I have a data table "data" with 25 columns. In some of the columns (about 15), which contain numeric values (but defined as characters after import), I want to replace certain characters, f.e. "," by ".", "<" by "", ">" by "" etc. (could be 10 or more combinations), because some values are like this "<0,17" or "> 1,5".
As the column names change (because it affects different data tables) I would like to solve it this way (it's not correct what I code, it's just to show, what I want to do).
replace <- list ("," = ".", "<" = "", ">" = "")
affectedColumns = c("name1", "name2", "name3" ... "name 14", "name 15").
mydata %>%
mutate(affectedColumns, replace)
Another problem is, that some of the columns are numeric and some of them are characters. Does it make sense to first convert all values in "affectedColumns" to to characters (as.character) > then do the replacement process and then convert all of them back to numeric (as.numeric)?
In the end I would like to have values with "." as comma and without any "<" or ">" or blank spaces.
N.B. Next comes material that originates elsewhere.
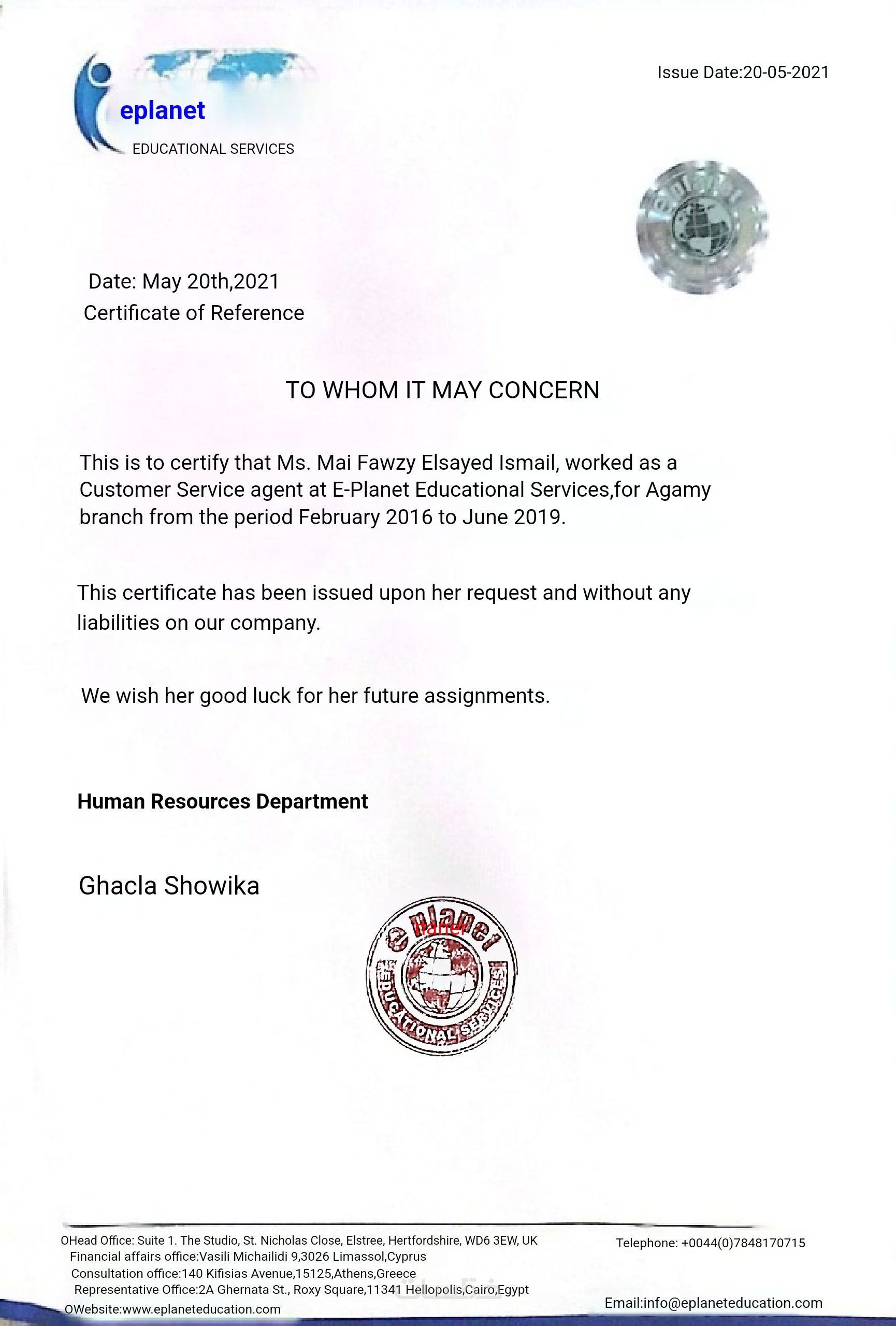 شهادات شكر وتقدير

Is there a way to do that? Thank you!
CodePudding user response:
Here is a base R way.
mydata[affectedColumns] <- lapply(mydata[affectedColumns], \(x){
for(nm in names(replace)) x <- sub(nm, replace[nm], x)
as.numeric(x)
})
CodePudding user response:
You can use the parse_number
from the readr
package to convert to numeric while removing larger/less than signs.
library(readr)
df <- data.frame("name1" = c("1,5", "> 1,5", "<1,6"),
"name2" = c("1,5", "1,5", "1,5"),
"name3" = c("1,0", "1", "1"),
"name4" = c(1.5, 1, 0.5)
)
affectedColumns <- c("name1", "name2", "name3")
new_df <- mutate(df, across(affectedColumns, .fns = ~parse_number(.x, locale = locale(decimal_mark = ","))))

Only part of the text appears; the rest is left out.